The major studies on evaluation of the Varestraint test include how different testing parameters correlate to the cracking response for a selected alloy [5,6,7,8]. Comparison of results of crack evaluation between operators is less common than testing of effects of different parameters. However, work has been performed which shows that a greater variation can be expected when two or more operators evaluate the same specimen, as compared with if all evaluation are done by the same operator, especially at the lower strain levels where cracks are small and few [6, 7].

As optical microscopes equipped with high-resolution digital cameras have become available, evaluation can also be performed using an image analysis software.
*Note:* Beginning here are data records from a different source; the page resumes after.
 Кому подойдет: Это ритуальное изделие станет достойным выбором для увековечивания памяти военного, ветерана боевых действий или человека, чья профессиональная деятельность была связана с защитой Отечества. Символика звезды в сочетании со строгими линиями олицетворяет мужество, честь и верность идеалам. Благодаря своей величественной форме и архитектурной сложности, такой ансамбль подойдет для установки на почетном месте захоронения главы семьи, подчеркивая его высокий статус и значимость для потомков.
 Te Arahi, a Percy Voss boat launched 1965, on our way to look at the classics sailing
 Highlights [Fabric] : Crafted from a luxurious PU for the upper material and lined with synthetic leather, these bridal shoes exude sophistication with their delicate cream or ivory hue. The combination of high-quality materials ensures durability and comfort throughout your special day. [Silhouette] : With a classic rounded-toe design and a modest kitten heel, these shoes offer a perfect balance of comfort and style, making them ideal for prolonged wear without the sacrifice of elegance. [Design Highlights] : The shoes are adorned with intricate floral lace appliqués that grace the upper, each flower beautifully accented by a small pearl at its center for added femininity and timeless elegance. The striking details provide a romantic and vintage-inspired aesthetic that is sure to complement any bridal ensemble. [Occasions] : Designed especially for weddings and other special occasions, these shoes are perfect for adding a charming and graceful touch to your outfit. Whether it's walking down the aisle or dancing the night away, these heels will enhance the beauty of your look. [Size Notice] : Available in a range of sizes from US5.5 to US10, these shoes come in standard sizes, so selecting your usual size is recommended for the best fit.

This software can be used to measure cracks and the results can be recorded and saved as data, which makes results of evaluation traceable and controllable. This part of the evaluation could earlier only be carried out manually by utilizing a calibrated reticle in the eyepiece of the stereo microscope and writing down the length of each crack.
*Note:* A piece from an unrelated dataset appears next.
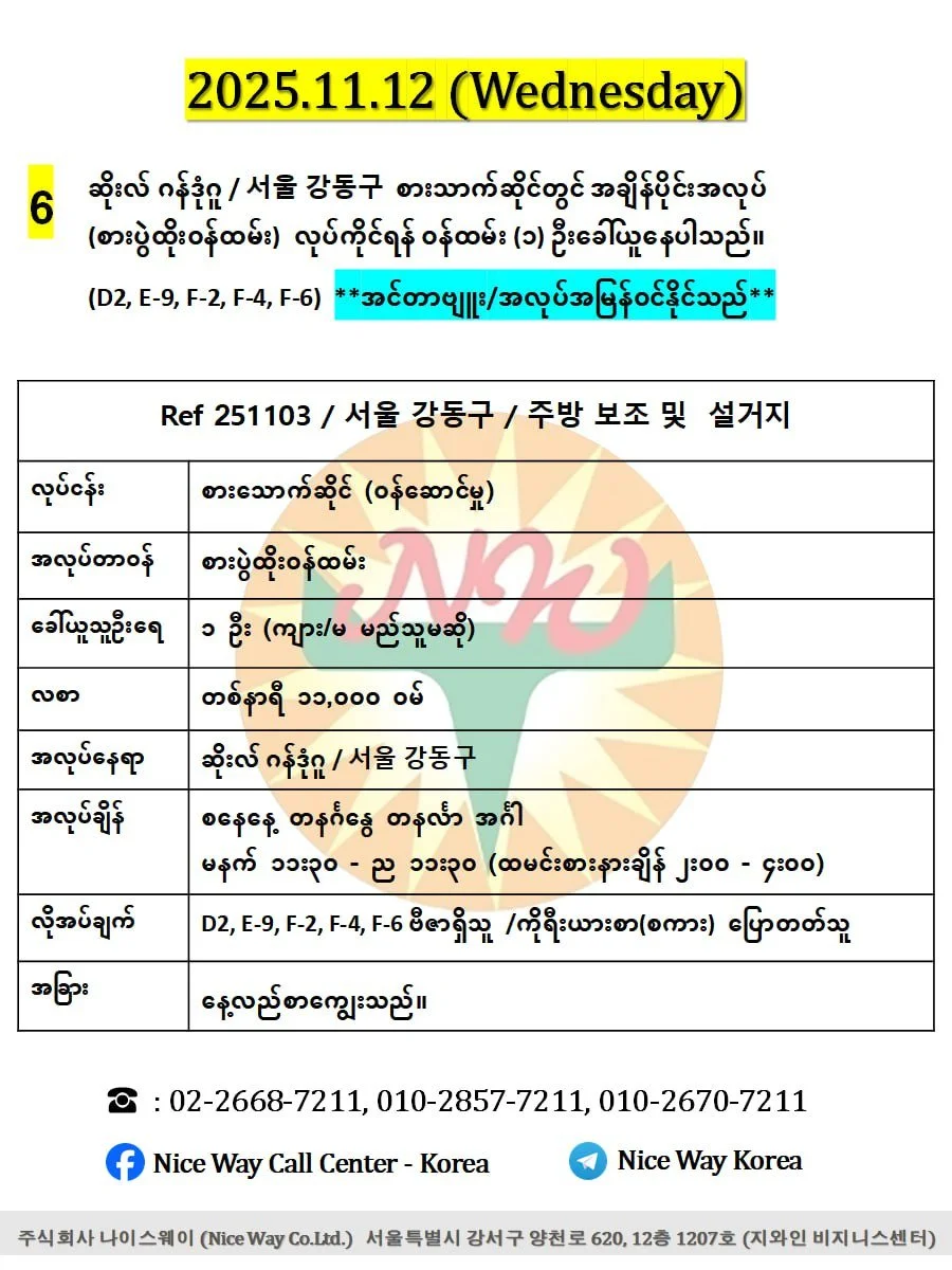 ▶️အရည်အချင်းများ- E-9၊ F-2၊ F-4၊ F-6/ ကိုရီးယားစကား အခြေခံ ပြော

In this study, the longitudinal Varestraint test was used, from now on abbreviated Varestraint test, for hot cracking evaluation. All Varestraint test parameters were kept fixed while operators and techniques used for evaluation and measurements of the hot cracks were varied. The focus in this study is on how different evaluation techniques, commonly used for crack measurement, might affect the reproducibility and comparability of the results for Varestraint testing of the high-temperature austenitic stainless steel UNS S31035 base material (Sandvik Sanicro 25) [9]. This steel can potentially be used in super-heaters and reheaters in the next generation of advanced ultra-super critical power plants [10,11,12,13]. The material possesses both high creep strength and good corrosion resistance at temperatures up to 700 °C. Its high temperature properties are positioned between other commercially available high-temperature austenitic stainless steels and high-temperature nickel-based alloys. It is well known that an austenitic solidification mode combined with a fully austenitic microstructure makes alloys susceptible to hot cracking [14]. This will become an increased problem for thick-walled material in multipass welding and could compromise the integrity of the welded component. The steel was therefore used in the present evaluation of reproducibility in results of hot cracking testing.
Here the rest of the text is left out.